Monday, January 31, 2011

        I don't know whether those words of yours are meant for me, if they really are for me, then I wish to let you know, I'm sorry if I really did hurt you, but have you ever realize, that you've hurt me badly as well?

        Last Saturday night, I've had a beautiful dream, or a beautiful nightmare if you want to put it.
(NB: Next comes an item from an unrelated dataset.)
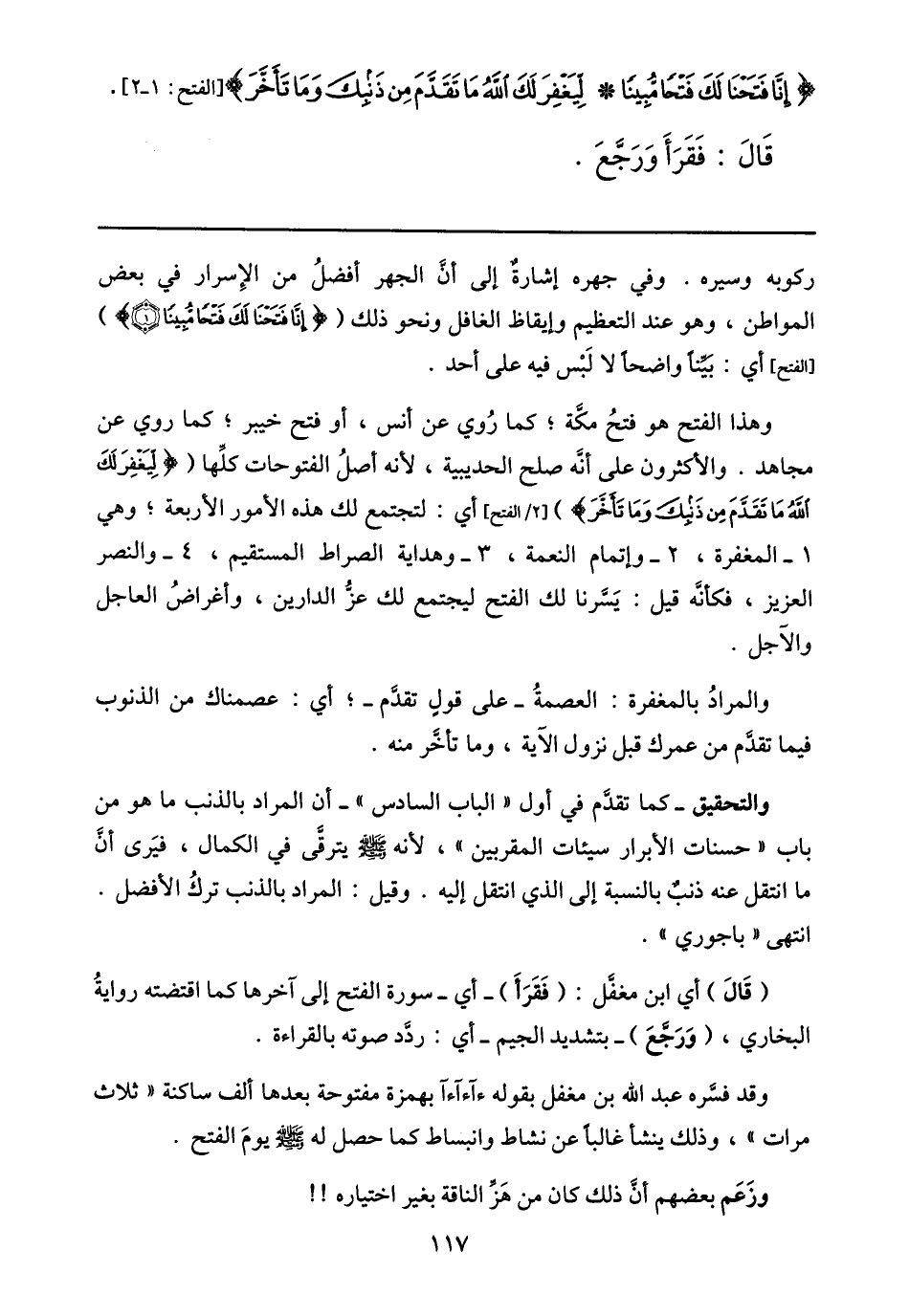 وهذا الفتح هو فتح مكّة؛ كما روي عن أنس، أو فتح خيبر؛ كما روي عن مجاهد. والأكثرون على أنّه صلح الحديبية، لأنه أصل الفتوحات كلّها لِيَغْفِرَ لَكَ اللَّهُ ما تَقَدَّمَ مِنْ ذَنْبِكَ وَما تَأَخَّرَ) [2/ الفتح] أي: لتجتمع لك هذه الأمور الأربعة؛ وهي 1- المغفرة، 2- وإتمام النعمة، 3- وهداية الصراط المستقيم، 4- والنصر العزيز، فكأنّه قيل: يسّرنا لك الفتح ليجتمع لك عزّ الدارين، وأغراض العاجل والآجل.

It was of us, walking back home, we were talking, and you were smiling, even thought I didn't show the slightest curve on my lips... We even said goodbye when we reached our own home...

        It was really beautiful... I guess this is why they call is a 'dream' because it is happening oppositely in reality...

Sunday, January 30, 2011

What Hurts The Most

I can take the rain on the roof of this empty house
That don't bother me
I can take a few tears now and then and just let em out

I'm not afraid to cry every once in a while even though
Goin' on with you gone still upsets me
There are days every now and again I pretend I'm okay
But that's not what gets me

What hurts the most
Was being so close
And havin' so much to say
And watchin' you walk away

And never knowin'
What could've been
And not seein' that lovin' you
Is what I was tryin' to do

It's hard to deal with the pain of losin' you everywhere I go
But I'm doin' it
It's hard to force that smile when I see our old friends and I'm alone
Still harder gettin' up, gettin' dressed, livin' with this regret
But I know if I could do it over
I would trade, give away all the words that I saved in my heart
That I left unspoken

What hurts the most
Is being so close
And havin' so much to say
(Much to say)
And watchin' you walk away

And never knowin'
What could've been
And not seein' that lovin' you
Is what I was tryin' to do, oh
Oh yeah

What hurts the most
Was being so close
And havin' so much to say
(To say)
And watchin' you walk away

And never knowin'
What could've been
And not seein' that lovin' you
Is what I was tryin' to do

Not seein' that lovin' you
That's what I was trying to do, ooo

Thursday, January 27, 2011


        Trust? I cant seem to find one in anyone, only disappointments I find in everyone, even myself. If being regular means being fooled, then I rather evolve into a greater form.

        Too much struggle I've been through in my life, the good and evil tango in me is slowly rotting apart, turning into bones, strangling one another to survive. Alas, they both failed and rotted into nothing more but mere bones...

        But, they made a pact, if being as 2 bodies and souls doesn't comes compatibility, why not just merge? For my reincarnation is completed, I once again rise from the dawn of a new life, as a dark sun, giving out darkness to whoever I gaze, slicing apart whoever that stands in my way! In the name of the Whisperer!!

Saturday, January 22, 2011



        It's been a while since I've been so close to you, every thoughts I had in my mind just disappears when I saw you. 
              
        As stars lean down to kiss you, I lie awake because I miss you, and by thinking about you, I don't feel so alone. How can a whisperer whisper when no one's there to listen? Maybe I'll make a move? After all, you are the one to make the decision, so I guess by doing so I won't break my promise?

Tuesday, January 4, 2011


        Why is this thought of mine, a thought of my time come in mind once again? Maybe is because in this world, every action took by everyone only cared for themselves, and not considering how other's feel... some even commented on one's action while he himself does the same......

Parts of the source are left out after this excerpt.